Lebih 3.000 Data Kependudukan di Mitra Terancam Diblokir

Pengurusan KTP-El, ilustrasi -Dok: CDN

MINAHASA TENGGARA – Sekitar 3.900 data kependudukan di Kabupaten Minahasa Tenggara (Mitra), Provinsi Sulawesi Utara, terancam diblokir akibat belum melakukan perekaman.

“Jadi kalau belum lakukan perekaman, tentu dengan sendirinya data kependudukan mereka akan segera diblokir. Itu merupakan kebijakan dari pusat,” kata Kepala Dinas Kependudukan dan Pencatatan Sipil, David Lalandos, di Ratahan, Selasa (11/12/2018).

Dia mengingatkan, warga yang belum melakukan perekaman agar segera menghubungi pihak Disdukcapil untuk menghindari pemblokiran tersebut.
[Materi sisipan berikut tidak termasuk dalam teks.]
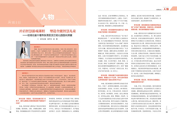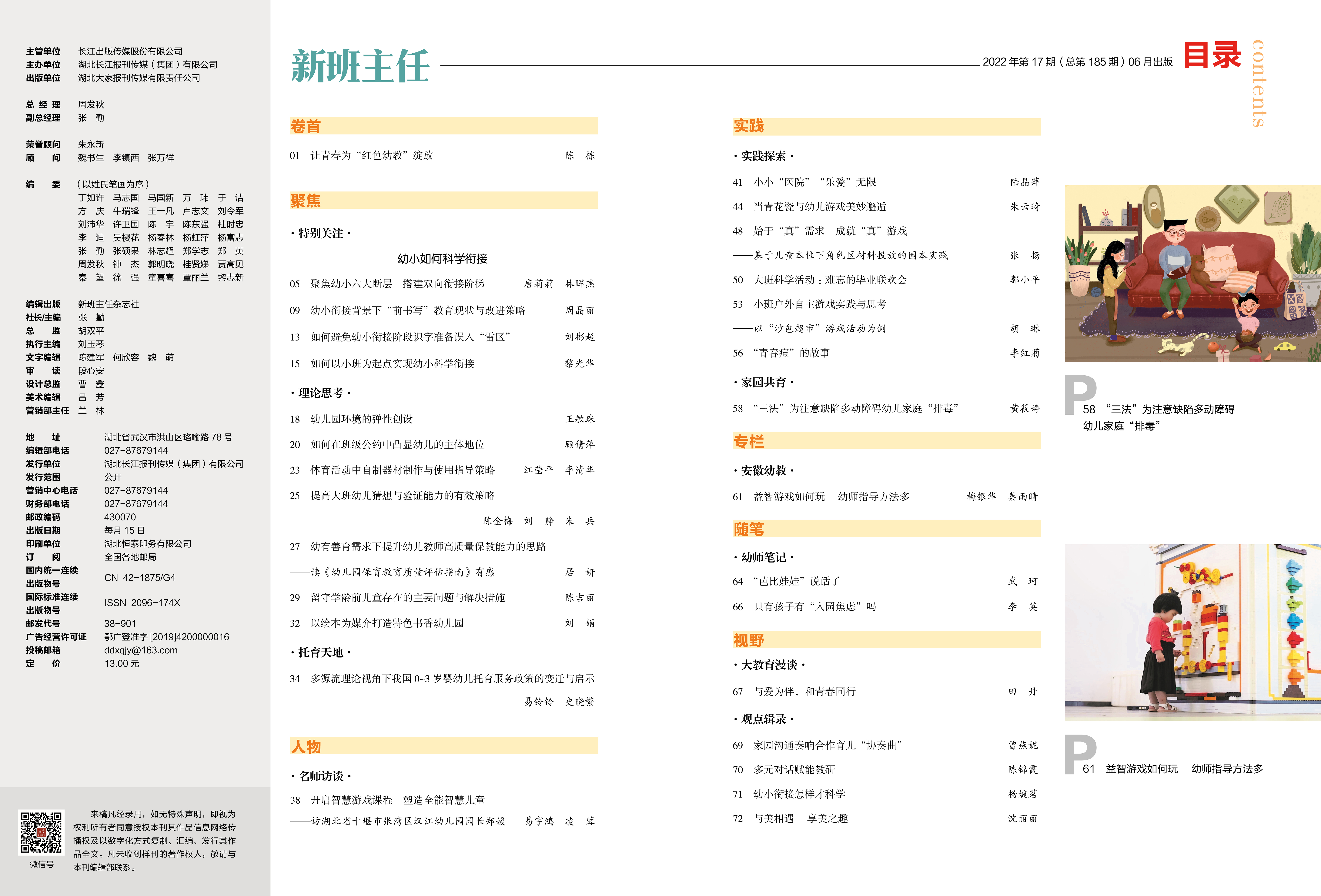 P01 陈 栋 让青春为“红色幼教”绽放 P05 唐莉莉 林晖燕 聚焦幼小六大断层 搭建双向衔接阶梯 P38 凌 蓉 易宇鸿 开启智慧游戏课程 塑造全能智慧儿童 ——访湖北省十堰市张湾区汉江幼儿园园长郑媛 P41 陆晶萍 小小“医院” “乐爱”无限 P66 李 英 只有孩子有“入园焦虑”吗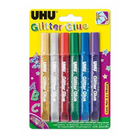 Folyékony ragasztó - hat különböző színű ragasztó gél, dekoratív csillámokkal, 4-6 óra alatt szárad Az UHU Glitter Glue 6 × 10 ml Original folyékony ragasztó készlet tökéletes a kreatív alkotáshoz, üdvözlőkártyák, húsvéti tojások, képkeretek és egyéb dekorációs elemek díszítéséhez. Hat különböző szí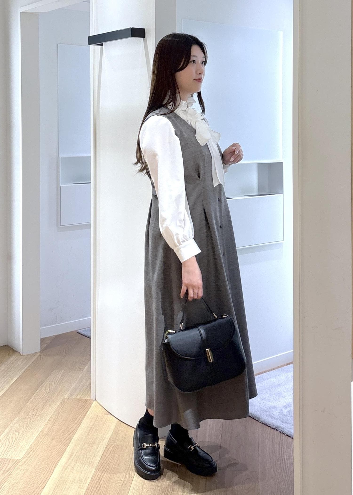 インにはブラウスやニットを合わせて、オンオフ問わず使って頂けます♡

Meski masih berjumlah ribuan warga, namun David mengaku optimis hingga akhir 2018, jumlah tersebut akan mengalami pengurangan. “Sudah kami koordinasikan ke tiap desa dan kelurahan, agar mengingatkan ke warga yang belum merekam. Kemudian dimintakan data warga yang sudah merekam dan belum. Saya sangat, yakin jumlah warga yang belum merekam bakal terus berkurang,” jelasnya.

Selain itu, kata dia, dengan pemblokiran data, warga yang belum merekam nanti bakal sulit mendapat bantuan dari pemerintah, serta urusan lainnya.

“Tentu KTP menjadi syarat utama penerimaan tiap bantuan sosial dari Pemerintah. Kalau tidak memiliki KTP, pasti warga tersebut tak bakal menerima bantuan,” katanya.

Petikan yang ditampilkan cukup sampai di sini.